2) окончательное утверждение названия принадлежит Московскому Совету;
3) вся эта работа переименований должна завершиться до 5-й Октябрьской годовщины; 
4) празднование имени заводов и фабрик приурочить ко дню Октябрьской годовщины;
5) строжайше воспретить, после определенного срока, называть заводы в официальных документах, заявлениях, речах, статьях и проч.— именами бывших владельцев.
Член Московского Совета Л.Троцкий» [14].

Флоренский выбрал потрясающе многозначный текст: традиция готова забыть себя (взять западный тип — № вместо имени, модель, воспроизведенная в «Мы» Замятина), но не превратиться в иллюзорно мнимую, ибо за именем стоят заветные чувства и люди (создатели заводов, воины-герои русской жизни), за именем стоит благоговение и предание. Переименование пространства России начинается с 1917 г. и наиболее активно проводится именно в 20-е гг. Тотально искореняется память об императорском периоде России и романовской династии (Романово — Ленино, С.-Петербург — Петроград — Ленинград), равно дворянстве и «лапотной России», религиозных преданиях и святых местах. Новая география не щадит и поэтические названия: так село Бобрики, названное по речке Бобрик, близ которой жили бобры, превращается в Новомосковск, Затишье — в Электросталь; исчезают святые для русского сознания «белый цвет» и «береза»: Белый Ключ — Красный Ключ, Березовое — Приморск, Берестовица – Пограничный. Особым богатством мифология новой географии в 20—30-е гг. не отличалась. Так, лишь одна Свердловская волость в Клинском уезде имела в своем составе Марксовский и Ленинский сельсоветы с деревнями Карл Маркс, им. Троцкого, Зиновьево, Ленино [15].

В статье 1926 г. «Три столицы» Г.Федотов опишет три культурноименных центра пространства России: Петербург, Москву и Киев.
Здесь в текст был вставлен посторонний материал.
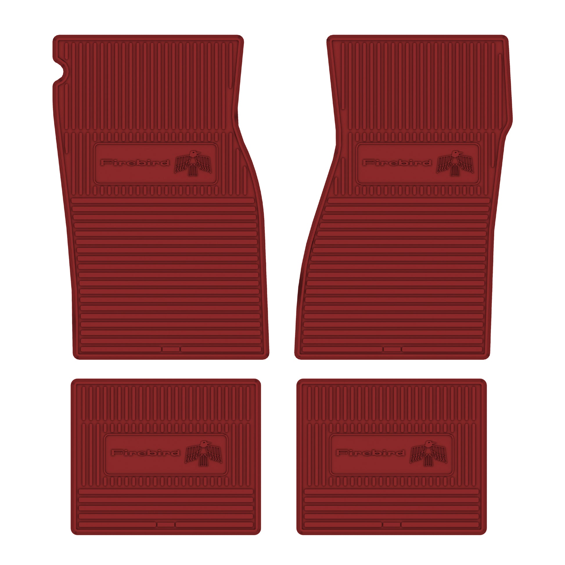 • 1967-1969 FIREBIRD NEXT GENERATION CUSTOM VINTAGE RUBBER STYLE FLOOR MATS DESIGNED TO FIT THE ENTIRE FLOOR PAN OF YOUR CAR. GM LICENSED LOGOS ARE FEATURED ON BOTH FRONT AND REAR MATS.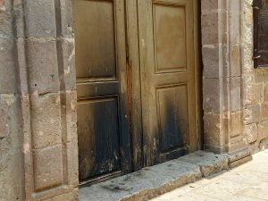 Se está investigando para identificar a la persona que prendió fuego a la puerta del templo de la Columna, señaló Pablo Alarcón, comisario de Morelia.

В истории России за каждым из этих центров стоит своя философия жизни и свое «слово России»[16]: за Петербургом, с его аскетическим «отречением от всех святынь: народа, России, Бога»,— гений покаяния Достоевского, за неизбывной любовью России к Москве — гений Л.Толстого, художественно осмыслившего роль и призвание Москвы; за Киевом — «идея Киева» как полюс православного духа России, запечатленная в храмах и фресках и невыраженная в русской литературе. «Западнический соблазн Петербурга и азиатский соблазн Москвы — два неизбежных срыва России», отмечал Федотов, преодолевался в истории России лишь живым национальным духом, откристаллизовавшим в эпоху киевской Руси русскую идею как идею всемирную, классическую и ее форму: «...здесь все полно завершенным покоем, достигнутой мерой, свободой в законе, бесконечностью, замкнутой в круг» [17].

Речь у Федотова идет именно о духовно-культурном содержании центров России. К середине 20-х гг., когда писалась эта статья, Москва не только стала центром нового государства (СССР), но и приняла, по мнению Федотова, «наследие освобожденного Петербурга» [18]. В статье «Русский человек» эту идею возврата имперской идеи Г.Федотов соотнесет с идеей национальной, обнаружив в сюжете возвращения одну из «постоянных» исторического и культурного развития России,— разрыв и отрицание «дела отцов»: «Перенесение столицы назад в Москву есть акт символический. Революция не погубила русского национального типа, но страшно обеднила и искалечила его» [19].

Итак, новый культурно-исторический центр и человек. Для большой русской литературы со всем трагизмом встал старый вопрос: можно ли на этом пути создать органическую культуру, где находятся источники питания культуры мысли и чувства, жизни и творчества.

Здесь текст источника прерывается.